Wednesday, January 30, 2019

Genetic Codes of Morning People and Night Owls

This article from The New York Times discusses a new study that was published in Nature Communications, in which scientists tried to find genetic correlations between people who exhibited traits associated with being either a night owl or a morning person. Around 700,000 individuals had their genomes were analyzed. 351 different variations were then identified as being linked to the time in which someone prefers to go to sleep.It should be noted that there was no difference in the amount of time spent sleeping per night, but merely that "morning people" went to bed at an earlier time and "night owls" went to bed at a later time.

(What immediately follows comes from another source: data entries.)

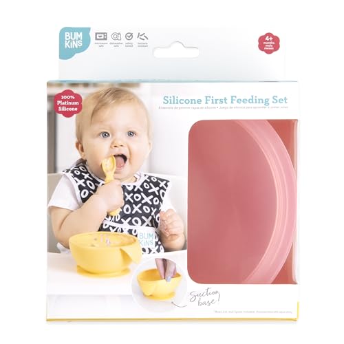 INCLUDES BOWL, SPOON AND LID – Bowl is designed with a curved handle that’s easily held by caregivers to help with feeding; easy-to-grip double-ended silicone spoon grows with baby – one end for dipping into purees, the other for scooping solid foodCONVENIENT FOR MEALTIME – Silicone can withstand low and high temperatures, easily transitioning from the refrigerator or freezer to the oven or microwave; oven-safe up to 400F/204C; top-rack dishwasher-safe; making feeding and cleanup easyPLATINUM CURED LFGB SILICONE – Bumkins uses the highest quality curing process; it does not result in the creation of any by-products, ensuring you get the purest silicone; made from 100-percent food-safe siliconeABOUT PINCH TESTS – There is a lot of information out there about pinch tests as a way to tell if silicone has fillers; however, the pinch test is not a real scientific test and, therefore unreliableEASY TO CLEAN – Hand wash and top-rack dishwasher safe; may be boiled for deep cleaning; silicone can absorb scents, we recommend cleaning with unscented, natural detergent
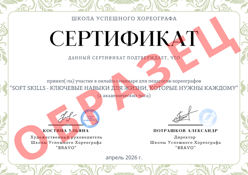 Сертификат участника семинара "Soft Skills - ключевые навыки для жизни, которые нужны каждому"
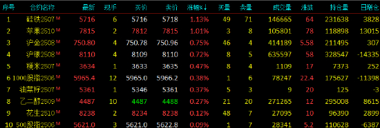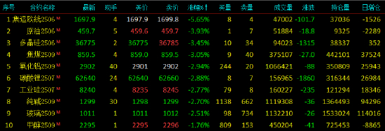 2025年5月16日,早盘收盘,国内期货主力合约多数下跌。集运欧线跌超5%,SC原油、多晶硅、焦煤跌超3%,工业硅、氧化铝、碳酸锂、纯碱、玻璃跌超2%。涨幅方面,硅铁、苹果涨超1%,沪金、沪银涨近1%。

As a self proclaimed "night owl", I think this study was really cool. I've always been interested in how much of our genetic makeup is responsible for the type of person that we are. It brings back in to light the old "Nature vs Nurture" debate, in which we are constantly questioning whether people are who they are by influence of genes (nature) or how they were raised (nurture). I've always believed it was an equal mixture between the two, but as I get older the more I start to feel that nature is a larger contributor than nurture is in terms of personality development. Articles such as this, that show that even a preference for sleep time can be linked to genetic variations just helps support my argument that much more.

-Erica Midili


  1. This is a topic of interest for me because my number one goal is to become more of a "morning person". I do find with repetition it becomes easier. I was interested to read the full article but it was quite a challenging read. I did find a few things incredibly interesting such as the link between circadian misalignment and disease. Good excuse to sleep in!

  2. I do agree that nature takes a bigger part of our personalities over nurture because nature is the genetics of who we are and nurture is our surroundings. I also found it interesting that nature is responsible for either making us a morning person or a "night owl" from our genetic variations. Great article!